● **Problem to work on**: A verbatim copy of the data is wanted, minus any picture in it.

● **Supplied material**:
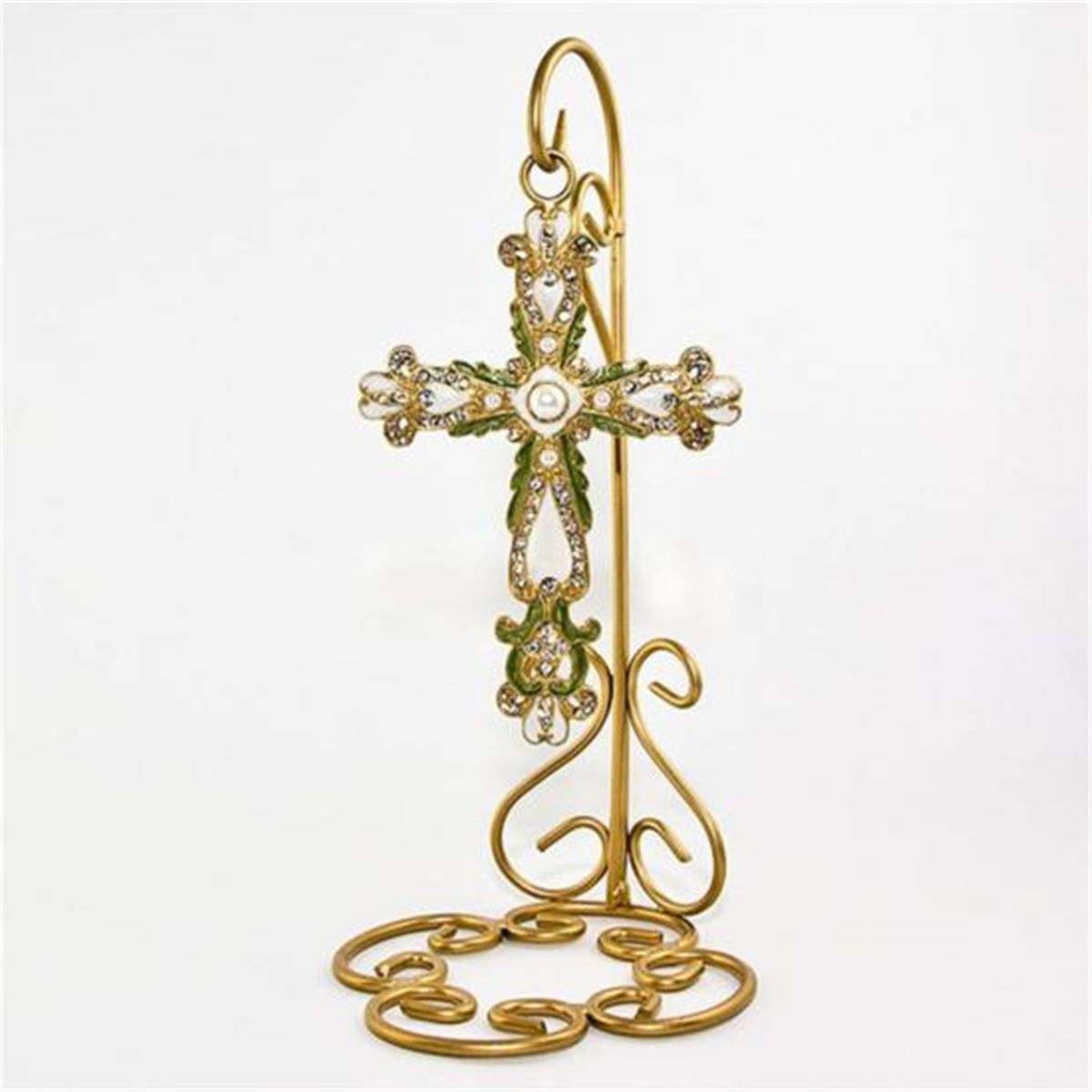 Lovely Cloisonne Table Cross with Inlaid Crystals, Dimensions: 7.5in (H) X 3.5in (W) X 3.25in (L), Material: Pewter
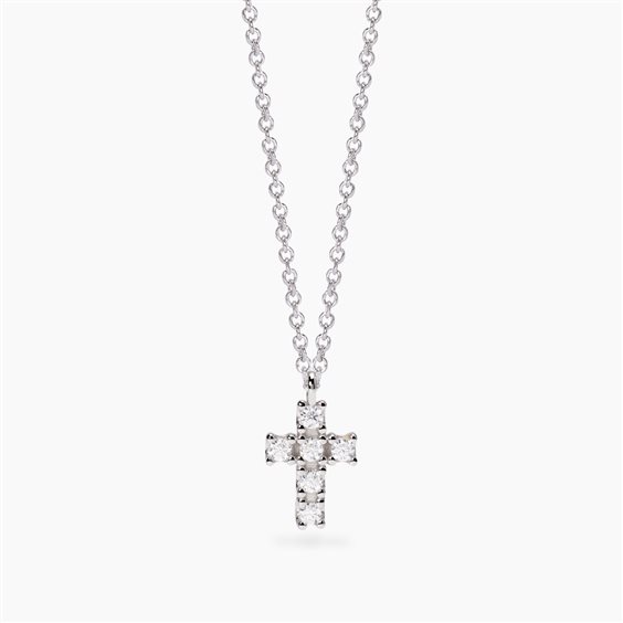 Girocollo in argento 925/°°° rodiato con catena rolò 1.2 mm e pendente croce 7.2x9.5 mm con diamanti lab-grown kt 0.16 F-VS, lunghezza regolabile da 39 a 43 cm.
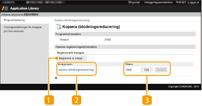 Öppnar sidan [Registrera ny knapp]. På den här sidan kan du ange inställningarna Justera bakgrundstäthet och Radera kant samt ange namnet på knappen som ska visas på Hem-skärmen.

● **Response area**:
 Lovely Cloisonne Table Cross with Inlaid Crystals, Dimensions: 7.5in (H) X 3.5in (W) X 3.25in (L), Material: Pewter
 Girocollo in argento 925/°°° rodiato con catena rolò 1.2 mm e pendente croce 7.2x9.5 mm con diamanti lab-grown kt 0.16 F-VS, lunghezza regolabile da 39 a 43 cm.
 Öppnar sidan [Registrera ny knapp]. På den här sidan kan du ange inställningarna Justera bakgrundstäthet och Radera kant samt ange namnet på knappen som ska visas på Hem-skärmen.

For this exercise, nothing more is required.